Chet Weger
Professor Yu
Social Network Analysis
May 8, 2013

Using the Copy Model for Edge Attachment to Evaluate the Stability of Graph Clustering

Introduction:

My project is inspired primarily by a paper by Chen and Fields [1]. In this paper, Chen and Fields describe a novel approach to evaluating the stability of a network. Stability is a measure of how much slight modifications to a graph effect the resulting clustering produced by a clustering algorithm. Chen and Fields performed these slight modification by adding a single edge to the graph using the preferential model of attachment. In this project, I followed the same methods as Chen and Fields except instead of using the preferential attachment model, I used the copy model.

Clusters are very useful in analysis of a graph or network. A cluster is a subgroup of nodes in a graph that is highly connected. For any two nodes in a graph, two nodes in a cluster would be more likely to be connected and share connections to other nodes than two nodes not in the same cluster. Various graph algorithms such as the Clauset-Newman-Moore algorithm, the Louvain clustering algorithm, and the Markov Clustering Algorithm identify clusters.

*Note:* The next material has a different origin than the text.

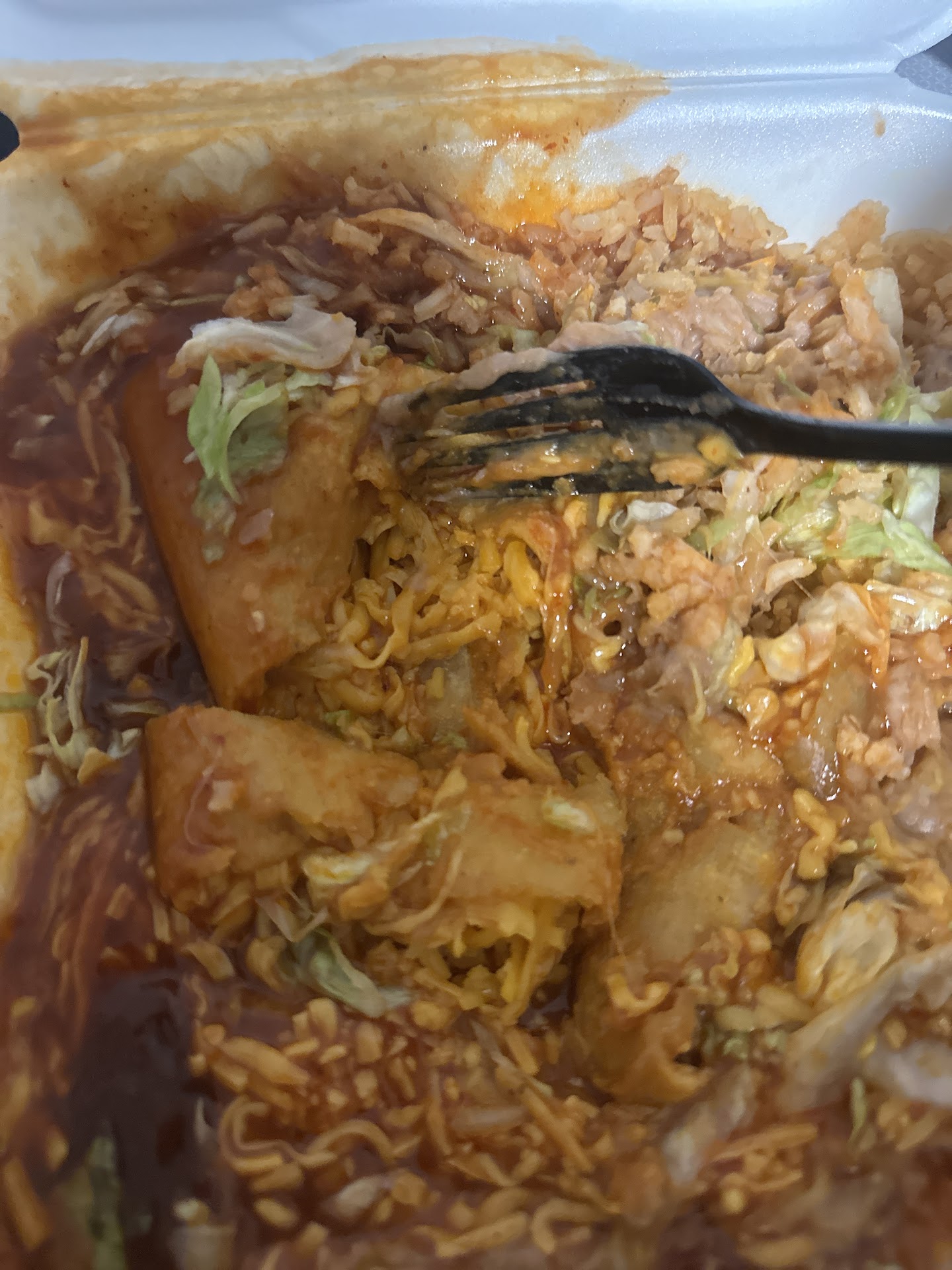 I want a refund. A few minutes ago, i stopped by here for lunch. On the menu, a combo for two cheese enchiladas with rice beans and a drink was about 8.50$. I ordered two cheese enchiladas with NO RICE AND BEANS OR COMBO just alacarte hoping this would be cheaper. They didnāt tell me the total at the speaker and before i could ask him the price at the window, the cashier snatched my card away. They donāt do the transaction at the window either, they take ur card away from the window so who knows if they could be taking ur information . When he gave me the receipt it was 9 FREAKING DOLLARS. More expensive than it would be for the combo. the receipt didnāt even have an item list of what i bought, just the price they wanted to charge me. When I got home, none of the cheese was even melted and they were COLD. I live a block away so thereās no way they got cold that fastā¦plus the cheese wasnāt melted so i know they didnāt even try to warm it up. Please give...

When a clustering algorithm divides a graph into clusters, it is often not clear to what extent the resulting clusters represent actual meaningful structures of a graph or conversely, to what extent they are a result of random noise. Both modularity and stability attempt to act as proxy measurements to ascertain the significance of a given clustering.

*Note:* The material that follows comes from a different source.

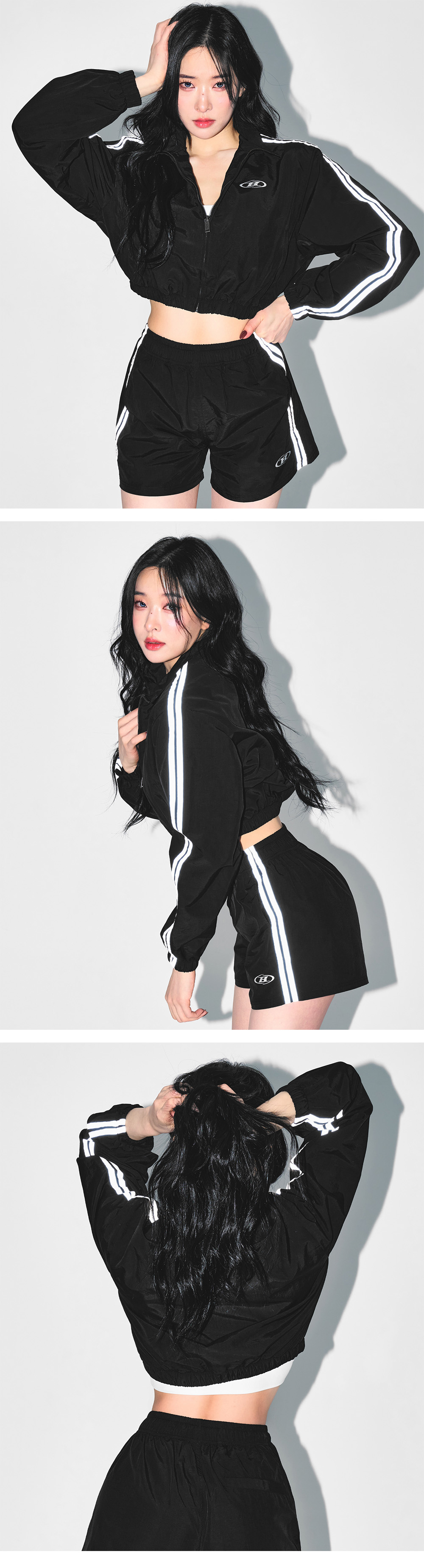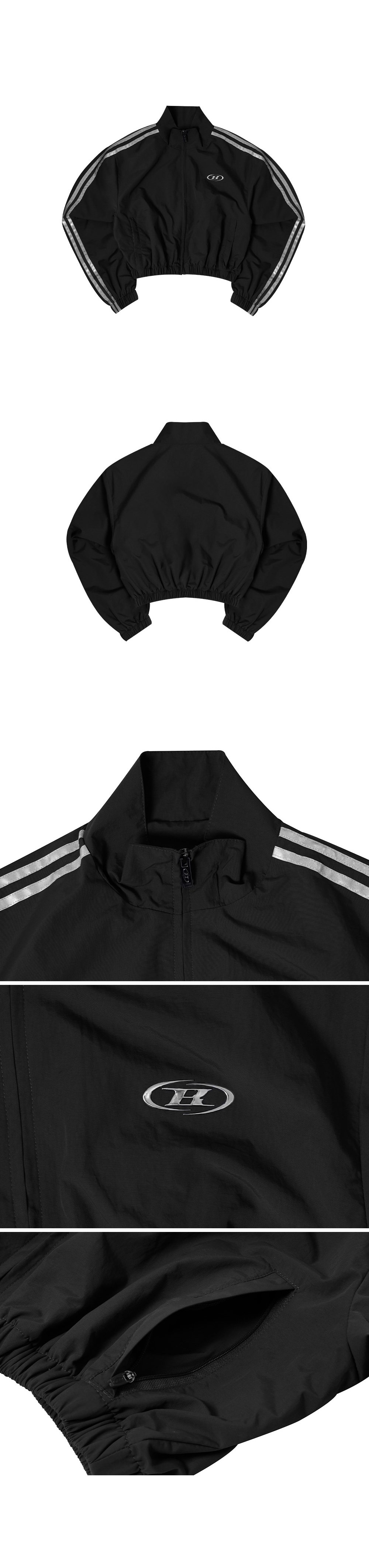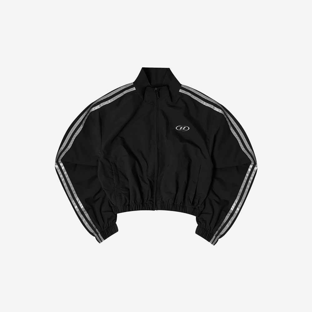 본투윈 리플렉티브 라인 크롭 윈드 브레이커 블랙

The notion of stability was introduced by [2], and Chen and Fields provide a simpler method of analyzing graph stability by adding a single edge using the preferential model of attachment. To compare the resulting clusterings produced, Chen and Fields used several distance measurements including the Jaccard distance, the Split-Join distance, and the NMI distance measurement (I only use the Split-Join and the NMI distance measures). Since they were measuring distance, this means that higher distance values correspond to lower stability and vice versa. Chen and Fields analyzed the stability of graph known to have a high degree of clustering such as the largest known network of PGP users as well as graphs without strong clustering structures such as the Erdos-Renyi random graph. As expected, Chen and Fields found that the graphs with more clustering effects had lower distance values which means they are more stable. In addition, Chen and Fields found that the MCL algorithm produced significantly more stable clusterings than the CNM algorithm.

To perturb an input graph, Chen and Fields used the preferential attachment model to add an extra edge to the input graph. The preferential attachment model attempts to randomly add an edge to the graph, but it adjusts for the fact that nodes with more edges are more likely to have another edge added. To add an edge to the graph, two nodes are chosen. The first node is chosen with probability equal to the chance of selecting any other node (all nodes have the same chance of being selected), and the second node is selected with probability proportional to the number of edges it already possesses. Then, an edge is drawn between these two selected notes, completing the process.

In my project, I used the copy mechanism [3] of edge selection for undirected graphs as opposed to the preferential attachment model. The copy model of edge selection first selects a prototype node, and another node P, both at random. Then an edge is added between P and one of the prototype's neighbors (the neighbors have equal probability of being chosen). I expect that using this method of perturbation will not change the overall results and that networks with higher clustering (such as the pgp graph) which still display higher stability.

The MCL Algorithm: The MCL algorithm is one of the two graph clustering algorithms that I used in this project. The intuition behind this algorithm can be explained by the following thought experiment. Imagine starting from a node within a cluster on some graph and then taking a random walk for a few steps. The probability that one will end up in that same cluster is larger than the probability that one will jump to another cluster because for a given number of steps, there are more walks between two nodes in the same cluster than there are between two nodes in different clusters. This basic idea is what makes the MCL algorithm work.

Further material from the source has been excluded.